New research focuses on developing systems for automated vehicles to perceive and identify objects in their environment and understand social interactions in traffic.
The MIT AgeLab, part of the MIT Center for Transportation & Logistics will build and analyze new deep learning based perception and motion planning methods for automated vehicles as part of the launch of the Toyota Collaborative Safety Research Center (CSRC) Next research initiative. This is the next set of projects in a five-year-old ongoing relationship with Toyota.
The first phase of projects with Toyota CSRC was led by Bryan Reimer, a Research Scientist at MIT AgeLab who manages a multidisciplinary team of researchers and students focused on understanding how drivers respond to the increasing complexity of the modern operating environment. He and his team studied the demands of modern in-vehicle voice interfaces and found that “voice” interfaces draw drivers’ eyes away from the road to a greater degree than expected, and that demands of these interfaces need to be considered in the time course optimization of systems. Reimer’s study eventually contributed to the redesign of the instrumentation of the current Toyota Corolla and the forthcoming, 2018 Toyota Camry. (Read more in the 2017 Toyota CSRC report.)
Reimer and his team are building and developing prototypes of hardware and software systems that can be integrated into cars in order to detect everything about the state of the driver and the external environment. Their prototypes are designed to work both with cars with minimal levels of autonomy and with cars that are fully autonomous.
Computer scientist and member of Reimer’s team, Lex Fridman, leads a group of seven computer engineers working on computer vision, deep learning, and planning algorithms for semiautonomous vehicles. The application of deep learning is used for understanding the world around the car and human behavior inside the car.
Fridman says, “The vehicle must first gain awareness of all entities in the driving scene, including pedestrians, cyclists, cars, traffic signals, and road markings. We use a learning-based approach for this perception task and also for the subsequent task of planning a safe trajectory around those entities.”
Fridman and his team, now firmly entrenched in the next phase of the project with Toyota CRSC, set up a stationary camera at a busy intersection on the MIT campus to automatically detect the micro-movements of pedestrians as they make decisions about crossing the street. Using deep learning and computer vision methods, Fridman automatically converts the raw video footage into millisecond level estimations of each pedestrian’s body position. The program analyzes the movement of over 100,000 pedestrians’ heads, arms, feet, and full bodies.
Fridman’s research also focuses on the world inside the car. He says, “Just as interesting and complex is the integration of data inside the car to improve our understanding of automated systems and enhance their capability to support the driver.
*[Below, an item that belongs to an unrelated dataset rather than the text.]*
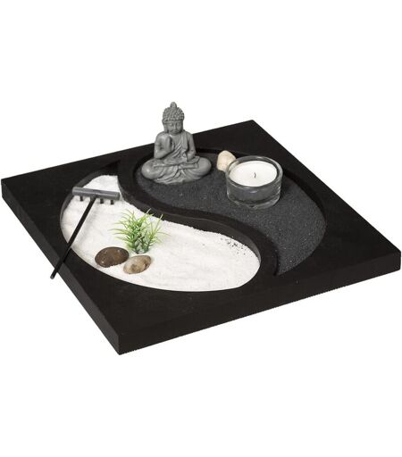 Décoration Zen de Jardin avec Figurine Bouddha Yin Yang sur Plateau, Bougie et Accessoires Atmosphera
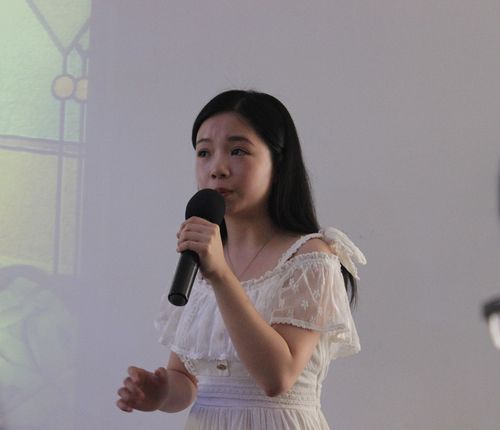 除了演唱,她还分享了自己关于阅读的生活和信仰对于她成长的影响,当被问到信仰对于这样一个年轻的女孩意味着什么的时候,她说信仰对于她很重要,就像生活中有一位父亲和亲密的朋友,他会听你说任何的话,知道自己可以得救感觉很开心。她特别分享了等待耶鲁大学的录取通知书的那个充满煎熬的过程,那时为自己和朋友的祷告给了她很多的力量,她不知道没有信仰会如何,每天的灵修和唱赞美诗的时间非常宝贵。

This includes everything about the driver’s face, head position, emotion, drowsiness, attentiveness, and body language.” The team is exploring with Toyota and other partners, the use of cameras positioned to capture the driver, and extract all those driver state factors from the raw video, turning them into useable data which promises to support future automotive industry needs.
“What’s innovative about Lex’s work is that it uses state-of-the-art methods in computer science and artificial intelligence to study the complexities of human intent grounded in large-scale real-world data,” says Reimer.
Director of Toyota CSRC, Chuck Gulash says, “Our research leverages the AgeLab’s expertise in computer vision, state detection, naturalistic data collection and deep learning to focus on the challenges and opportunities of autonomous vehicle technologies.” When asked how the research collaboration would affect the future of automotive technology, Gulash continued, “It will contribute to better computer-based perception of a vehicle’s environment as well as social interactions with other road users. What is unique about the AgeLab’s work is that it brings together advanced computer science with a human centered perspective on driver behavior. As with all CSRC projects, output from the AgeLab’s effort will be openly shared with industry, academia and government to contribute to future safe mobility.”
Joe Coughlin, Director of MIT AgeLab says, “AgeLab is using all of these technologies to do two things: understand human behavior in the driving context, and to design future systems that result in greater safety and expansion of mobility options for all ages.”